### Exercise requirements
Your copy should start at the line with "Head to your" and end at the line with "19岁的埃切维里冬窗正式加入" in the data below. Transcribe only those lines, exactly, pictures excluded.

### Material to process
=======

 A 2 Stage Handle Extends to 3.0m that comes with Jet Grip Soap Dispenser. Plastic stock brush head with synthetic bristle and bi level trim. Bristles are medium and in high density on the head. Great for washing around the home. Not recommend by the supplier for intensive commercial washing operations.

=======

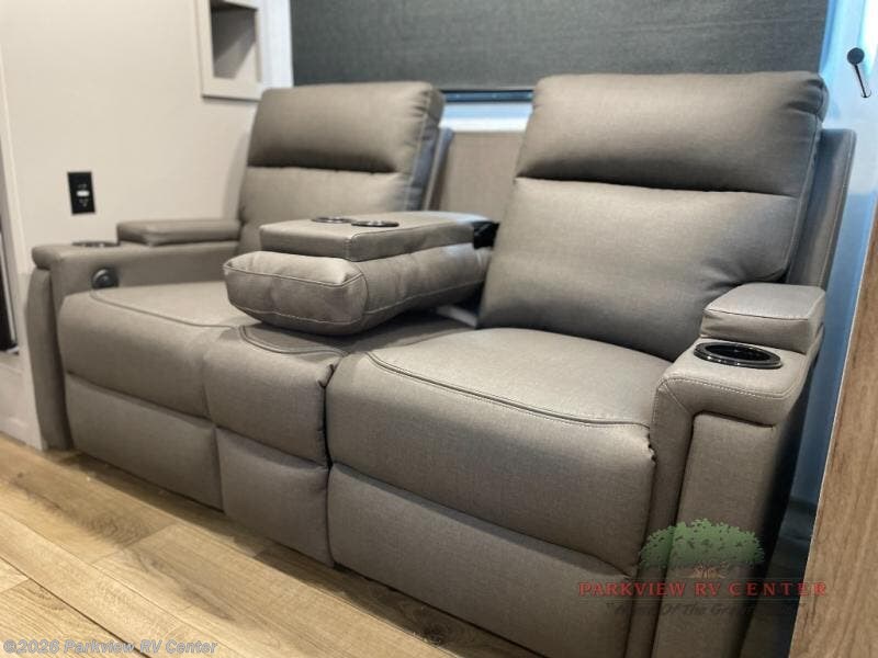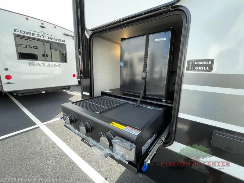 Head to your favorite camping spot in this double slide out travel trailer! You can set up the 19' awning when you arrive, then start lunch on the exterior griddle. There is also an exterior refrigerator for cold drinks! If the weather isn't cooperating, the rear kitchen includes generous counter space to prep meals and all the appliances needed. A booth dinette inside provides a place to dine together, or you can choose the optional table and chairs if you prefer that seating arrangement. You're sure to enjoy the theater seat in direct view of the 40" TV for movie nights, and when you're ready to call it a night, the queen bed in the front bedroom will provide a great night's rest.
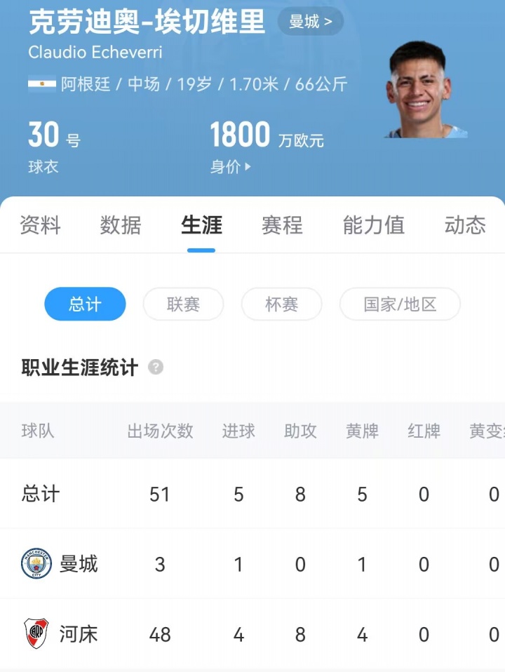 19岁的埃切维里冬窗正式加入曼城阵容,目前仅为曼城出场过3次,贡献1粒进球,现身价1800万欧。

=======

### Response area
 Head to your favorite camping spot in this double slide out travel trailer! You can set up the 19' awning when you arrive, then start lunch on the exterior griddle. There is also an exterior refrigerator for cold drinks! If the weather isn't cooperating, the rear kitchen includes generous counter space to prep meals and all the appliances needed. A booth dinette inside provides a place to dine together, or you can choose the optional table and chairs if you prefer that seating arrangement. You're sure to enjoy the theater seat in direct view of the 40" TV for movie nights, and when you're ready to call it a night, the queen bed in the front bedroom will provide a great night's rest.
 19岁的埃切维里冬窗正式加入曼城阵容,目前仅为曼城出场过3次,贡献1粒进球,现身价1800万欧。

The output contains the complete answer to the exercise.